First-order thermal insensitivity of the frequency of a narrow spectral hole in a crystal

TL;DR

This paper demonstrates that by carefully controlling buffer gas pressure, the frequency of a narrow spectral hole in a crystal can be made insensitive to first-order temperature fluctuations, aiding stable laser development.

Contribution

It introduces a method to achieve first-order thermal insensitivity of spectral hole frequency in a crystal through buffer gas pressure tuning.

Findings

Identified a 'magic' pressure and temperature where frequency is temperature-insensitive.

Measured frequency shifts across various temperatures and buffer gas pressures.

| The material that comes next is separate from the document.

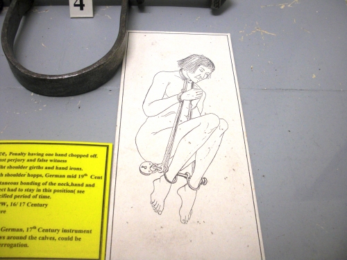 中世の法律について説明されているだけではなく、刑罰や拷問の道具もずらり。

Showed potential for improved ultrastable laser stabilization.

Abstract

The possibility of generating an narrow spectral hole in a rare-earth doped crystal opens the gateway to a variety of applications, one of which is the realization of an ultrastable laser. As this is achieved by locking in a pre-stabilized laser to the narrow hole, a prerequisite is the elimination of frequency fluctuations of the spectral hole. One potential source of such fluctuations can arise from temperature instabilities. However, when the crystal is surrounded by a buffer gas subject to the same temperature as the crystal, the effect of temperature-induced pressure changes may be used to counterbalance the direct effect of temperature fluctuations. For a particular pressure, it is indeed possible to identify a temperature for which the spectral hole resonant frequency is independent of the first-order thermal fluctuations. Here, we measure frequency shifts as a function of temperature for different values of the pressure of the surrounding buffer gas, and identify the ``magic'' environment within which the spectral hole is largely insensitive to temperature.